# Pics Of 292Bh



## Insomniak (Jul 7, 2006)

While surfing around, I came across one of the new 292BH models at Holman's. Kind of a play on the 312BH & 301BQ, but with two bunks in the rear oriented from side to side. The bathroom is a bit different and has the neo-angle shower. Take a look at the birth date for the trailer - July 26th - how does Holman get them so quickly? Starting at photo #30, the pics are screwed up and show some kind of 5th wheel.

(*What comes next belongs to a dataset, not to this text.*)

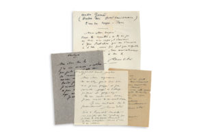 « Mes chers agneaux ». Il est contraint d'annuler ses rendez-vous avec le couple : « Cette fois encore impossible d'être des vôtres samedi. Je le regrette mais la période est très troublée »... « Ne comptez pas ce soir sur moi. Je suis grippé et pas sortable »... Etc. 23 25 24 32 33 les collections aristophil littérature 27 CHATEAUBRIAND François-René de (1768-1848). L.A., Val de Loup mercredi minuit 10 juin [1812], à la duchesse de DURAS ; 4 pages et demie in-4. Belle et longue lettre au sujet de sa situation fi nancière, et des pamphlets et attaques contre lui. [Venait de paraître une nouvelle édition du pamphlet de Cadet-Gassicourt, Saint-Géran ou la nouvelle langue française, suivi de la parodie Itinéraire de Lutèce au Mont-Valérien, auquel Hoff mann a consacré trois feuilletons du Journal de l'Empire]. « C'est un singulier entêtement à vous, chère sœur, de ne pas vouloir croire à ce que je vous dis sur mes aff aires ! Je vous assure qu'elles ne sont pas plus mauvaises que je ne vous le dis. 15,000ll les arrangeroient parfaitement, exceptant toutefois les 10,000 francs de Mde de coislin prêtés pour trois ans et dont je fais la rente à 7 1/2 pour cent sur la caution de M. de tocQueVille ; et les 20,000 francs hypothéqués de tous temps sur la Vallée et dont je paye la rente à 6. Ces deux rentes font sur mon revenu une diminution de 1,600 francs, trois actions ajoutées à nos actionnaires couvriroient ce défi cit. Il n'y a donc de très urgent que les 15,000 francs des libraires. Cette somme étant éparpillée sur la place en billets négociables, quand ces billets me rentrent, il faut les payer ; et comme je n'ai pas les fonds je suis forcé de les emprunter à un intérêt de 50 et 60 pour cent. À ce jeu là le capital de la dette se trouvera doublé dans un an, quadruplé dans deux &c... Et tout cela il n'y a pas de ma faute. Ce sont les fruits d'une banqueroute de libraire ; je suis d'ailleurs si bien dans mes aff aires, qu'en abandonnant à lenorMAnt la dernière édition de l'Itinéraire, j'ai payé une masse de dette de 54,000 francs. Vous voilà, chère sœur, satisfaite sur ce point ; mais je crève d'écrire tout cela. Vous aurez vu par vos journaux que la bataille que je vous avois annoncée est commencée. La rage est à son comble contre moi. Toutes les gazettes ont ordre d'entasser injures sur injures. C'est le fruit de mon obstination à ne pas vouloir prononcer un second discours. On dit aussi qu'il est bon d'occuper le public de quelque chose ; et on me fait l'honneur de regarder mon nom comme une diversion aux grandes scènes de l'Europe. Ne soyez pas trop malheureuse de tout cela. Je me renferme dans ma vallée avec l'estime des honnêtes gens. J'opposerai le silence et le mépris aux apothicaires qui font des Parodies et aux Bouff ons qui font valoir les œuvres des apothicaires. Car vous ne savez peut-être pas que l'auteur de ces Parodies est un nommé cAdet-GAssicourt, Apothicaire de S.M., et son commenteur M. HoFFMAn. J'avoue cependant que je suis un peu las de cette vie passée au milieu des orages ; et que je tourne quelquefois les yeux vers une patrie où je pûsse achever en repos le reste de mes jours. Vous sentez aussi que si je ne dois pas renoncer à écrire, je dois du moins renoncer à publier, et laisser le champ de batailles aux laquais qui y fi gurent. Tout cela tournera au profi t de l'histoire, et la journée de demain ne sera pas écoulée, que la première page de ce grand tableau ne soit tracée. S'ils savoient ce qu'ils font par ces ignobles persécutions, ils ne seroient peut-être pas si empressés. J'ai toujours craint, chère sœur, de vous envoyer quelques vers de ma tragédie [Moïse]. J'ai mes raisons pour cela. Vous verrez les cinq actes au mois d'août. Cela vaudra mieux. [...] Bonsoir chère sœur. Encore une fois ne vous affl igez pas pour moi. Songez que je suis désormais hors de pareilles atteintes ; et qu'elles ne déshonoreroient que ceux qui les portent si ces gens-là pouvoient être déshonorés ». Correspondance générale, t. II, n° 567.

http://www.holmanrv.com/inventory/163990/New-2012-Keystone-RV-Outback-292BH.aspx


----------



## joeymac (Aug 19, 2010)

Insomniak said:


> While surfing around, I came across one of the new 292BH models at Holman's. Kind of a play on the 312BH & 301BQ, but with two bunks in the rear oriented from side to side. The bathroom is a bit different and has the neo-angle shower. Take a look at the birth date for the trailer - July 26th - how does Holman get them so quickly? Starting at photo #30, the pics are screwed up and show some kind of 5th wheel.
> 
> http://www.holmanrv....back-292BH.aspx


Well, they are only 250 miles away from Elkhart, IN. So when they ship them in the am, they are there the same day.


----------



## PA Outbackers (Oct 19, 2010)

Thats not even close to a 301BQ.


----------



## Insomniak (Jul 7, 2006)

PA Outbackers said:


> Thats not even close to a 301BQ.


It has the same superslide and kitchen (with a larger pantry) as the 301/312, but obviously the front and rear are different. I wish Keystone had found a way to get that angled shower in the 301. I guess I didn't realize that Holman is so close to the Keystone factory. I thought I read somewhere that it takes a few days after coming off the assembly line for the trailers to be ready for shipping. Our 301 is dated June 15th, but didn't make it to Los Angeles until June 29th.


----------



## cdnbayside (Jul 16, 2009)

The 292BH looks like it replaces the 300BH and the 270BH which are discontinued.

300BH
270BH
292BH

The 292BH looks like a good floorplan with a nice bathroom. I think it should have a bike door though on the curb side at the bunks like the 250RS and 210RS.


----------